Author: Alex MacLean (AlexMaclean)

Changes

Full diff: https://github.com/llvm/llvm-project/pull/194673.diff

5 Files Affected:

  • (modified) llvm/include/llvm/CodeGen/GlobalISel/CombinerHelper.h (+4)
  • (modified) llvm/include/llvm/Target/GlobalISel/Combine.td (+8-1)
  • (modified) llvm/lib/CodeGen/GlobalISel/CombinerHelper.cpp (+52)
  • (added) llvm/test/CodeGen/AArch64/GlobalISel/combine-srem-by-pow2.mir (+281)
  • (modified) llvm/test/CodeGen/AArch64/srem-vec-crash.ll (+6-17)

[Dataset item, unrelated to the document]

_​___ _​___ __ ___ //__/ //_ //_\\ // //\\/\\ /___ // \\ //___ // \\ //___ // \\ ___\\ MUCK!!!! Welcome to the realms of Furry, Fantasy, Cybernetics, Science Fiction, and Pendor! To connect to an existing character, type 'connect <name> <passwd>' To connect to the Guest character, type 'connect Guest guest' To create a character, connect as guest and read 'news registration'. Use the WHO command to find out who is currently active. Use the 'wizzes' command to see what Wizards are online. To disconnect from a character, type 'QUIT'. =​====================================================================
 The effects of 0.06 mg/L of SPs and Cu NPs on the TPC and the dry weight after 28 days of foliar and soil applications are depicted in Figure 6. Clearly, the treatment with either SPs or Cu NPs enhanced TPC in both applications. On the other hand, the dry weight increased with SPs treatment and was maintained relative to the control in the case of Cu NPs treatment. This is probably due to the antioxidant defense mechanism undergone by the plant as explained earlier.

diff --git a/llvm/include/llvm/CodeGen/GlobalISel/CombinerHelper.h b/llvm/include/llvm/CodeGen/GlobalISel/CombinerHelper.h
index 97f29015c6911..9d8d44f5b5dde 100644
--- a/llvm/include/llvm/CodeGen/GlobalISel/CombinerHelper.h
+++ b/llvm/include/llvm/CodeGen/GlobalISel/CombinerHelper.h
@@ -752,6 +752,10 @@ class CombinerHelper {
   /// return expressions that implements it by shifting.
   void applyUDivByPow2(MachineInstr &MI) const;
 
+  /// Combine G_SREM x, (+/-2^k) to a bias-and-mask sequence.

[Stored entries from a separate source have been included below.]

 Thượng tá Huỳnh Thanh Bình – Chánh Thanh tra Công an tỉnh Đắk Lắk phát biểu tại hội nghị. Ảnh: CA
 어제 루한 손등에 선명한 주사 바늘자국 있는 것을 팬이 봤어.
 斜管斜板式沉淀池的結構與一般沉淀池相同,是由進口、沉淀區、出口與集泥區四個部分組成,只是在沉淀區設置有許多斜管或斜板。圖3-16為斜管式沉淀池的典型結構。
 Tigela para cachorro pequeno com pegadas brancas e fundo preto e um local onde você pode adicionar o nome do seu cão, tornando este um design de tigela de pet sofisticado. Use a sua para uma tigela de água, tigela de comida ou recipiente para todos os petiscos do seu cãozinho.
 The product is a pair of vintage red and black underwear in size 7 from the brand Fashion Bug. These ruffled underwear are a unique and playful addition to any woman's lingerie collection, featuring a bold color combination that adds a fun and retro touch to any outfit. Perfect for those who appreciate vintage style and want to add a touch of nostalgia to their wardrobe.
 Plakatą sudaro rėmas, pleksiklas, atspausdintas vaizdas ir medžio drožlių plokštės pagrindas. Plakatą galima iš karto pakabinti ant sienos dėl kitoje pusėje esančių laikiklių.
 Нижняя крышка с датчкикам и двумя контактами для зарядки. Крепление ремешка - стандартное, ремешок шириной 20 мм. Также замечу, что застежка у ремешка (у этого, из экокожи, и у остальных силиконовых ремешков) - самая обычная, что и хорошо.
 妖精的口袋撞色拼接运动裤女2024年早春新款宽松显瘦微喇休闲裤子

+  bool matchAbsPow2(Register Reg) const;
+  void applySimplifySRemByPow2(MachineInstr &MI) const;
+
   // G_UMULH x, (1 << c)) -> x >> (bitwidth - c)

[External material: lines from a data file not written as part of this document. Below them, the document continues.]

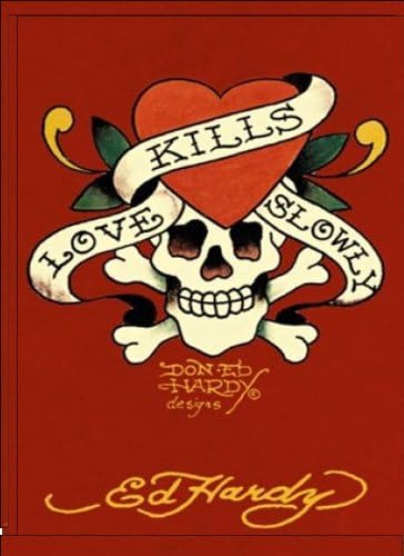 Amazon Com Buyartforless If Rp 31x23 2 Black Plexi Framed Love Kills Slowly Skull Bones Tattoo By Don Ed Hardy Designs 31 5x23 5 Art Print Poster Heavy Stock Imported Heart Posters
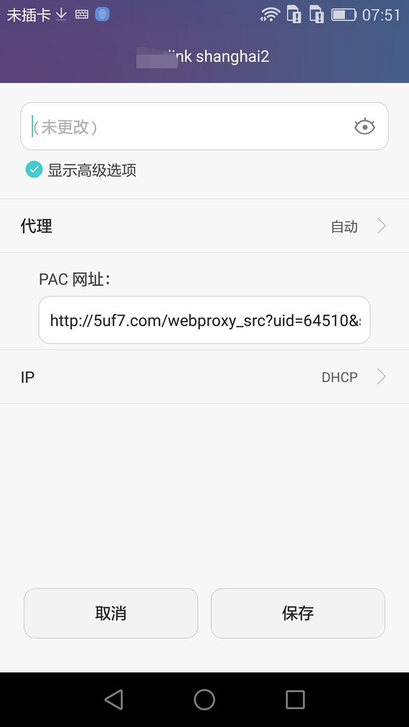 3.添加到系统设置-无线网络(wifi) 找到你的热点名称,显示高级选项,找到最下面的自动代理,粘上这个地址.
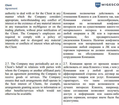 Ну и отказывается полностью мошенническая контора Migesco от ответственности в том моменте клиентского соглашения, когда заявляет о том, что может действовать в сторону клиента так, как посчитает сама целесообразным, что говорит о полном отсутствии прав у клиента шулеров.
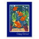 Eine lustige Grußkarte, "Über die Meilen" für das persische Neujahr, mit vier niedlichen Goldfischen, die euch "Happy Norooz" wünschen, aus einer handgemalten Papiercollage von Judy Adamson. Sie können die innere Nachricht dieser Karte personalisieren, wenn Sie möchten.
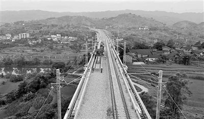 渝利铁路是我国铁路网沪、汉、渝、蓉大通道的重要组成部分,地处中、西部地区的结合部,西起重庆,东至湖北省利川市,与宜万铁路在凉雾站接轨。全线长度约264公里,列车设计时速为每小时200公里。 曹 宁摄(新华社发)
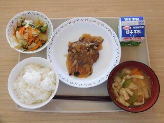 今日の給食は、ごはん、牛乳、豚肉のしょうが焼き、豆腐サラダ、五目スープです。
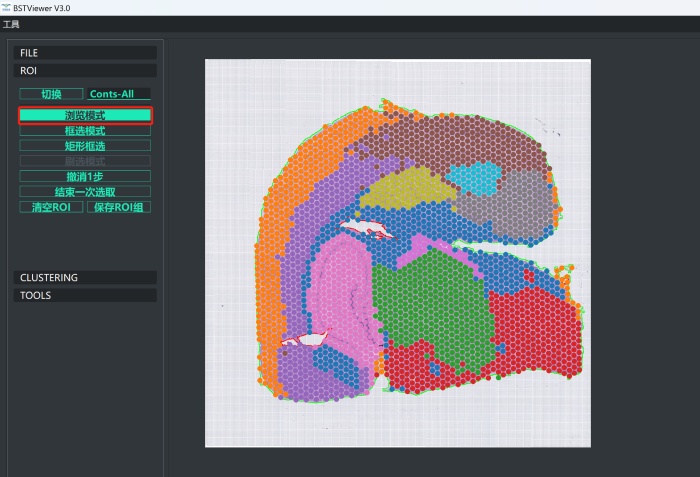6)最后得到框選到的感興趣區域的聚類結果,點擊“ROI”切換為“瀏覽模式”可以通
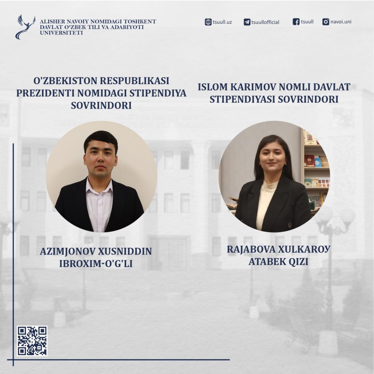 2023/2024-o‘quv yili uchun Alisher Navoiy nomidagi Toshkent davlat o'zbek tili va adabiyoti universiteti bakalavriat bosqichining 8 nafar talabasi O‘zbekiston Respublikasi Prezidenti va nomli davlat stipendiyalariga munosib ko‘rildi.

   bool matchUMulHToLShr(MachineInstr &MI) const;
   void applyUMulHToLShr(MachineInstr &MI) const;
diff --git a/llvm/include/llvm/Target/GlobalISel/Combine.td b/llvm/include/llvm/Target/GlobalISel/Combine.td
index d4ef5722f44c5..3393769f215c9 100644
--- a/llvm/include/llvm/Target/GlobalISel/Combine.td
+++ b/llvm/include/llvm/Target/GlobalISel/Combine.td
@@ -1338,7 +1338,14 @@ def srem_by_const : GICombineRule<
    [{ return Helper.matchSDivOrSRemByConst(*${root}); }]),
   (apply [{ Helper.applySDivOrSRemByConst(*${root}); }])>;
 
-def intrem_combines : GICombineGroup<[urem_by_const, srem_by_const]>;
+def srem_pow2_to_mask : GICombineRule<
+  (defs root:$root),
+  (match (G_SREM $dst, $x, $y):$root,
+   [{ return Helper.matchAbsPow2(${y}.getReg()); }]),
+  (apply [{ Helper.applySimplifySRemByPow2(*${root}); }])>;
+
+def intrem_combines : GICombineGroup<[srem_pow2_to_mask, urem_by_const,
+                                      srem_by_const]>;
 
 def reassoc_ptradd : GICombineRule<
   (defs root:$root, build_fn_matchinfo:$matchinfo),
diff --git a/llvm/lib/CodeGen/GlobalISel/CombinerHelper.cpp b/llvm/lib/CodeGen/GlobalISel/CombinerHelper.cpp
index 95b7f864c16fd..f2612191aec47 100644
--- a/llvm/lib/CodeGen/GlobalISel/CombinerHelper.cpp
+++ b/llvm/lib/CodeGen/GlobalISel/CombinerHelper.cpp
@@ -6103,6 +6103,58 @@ void CombinerHelper::applyUDivByPow2(MachineInstr &MI) const {
   MI.eraseFromParent();
 }
 
+/// \p Reg is known to be +/- a power of 2.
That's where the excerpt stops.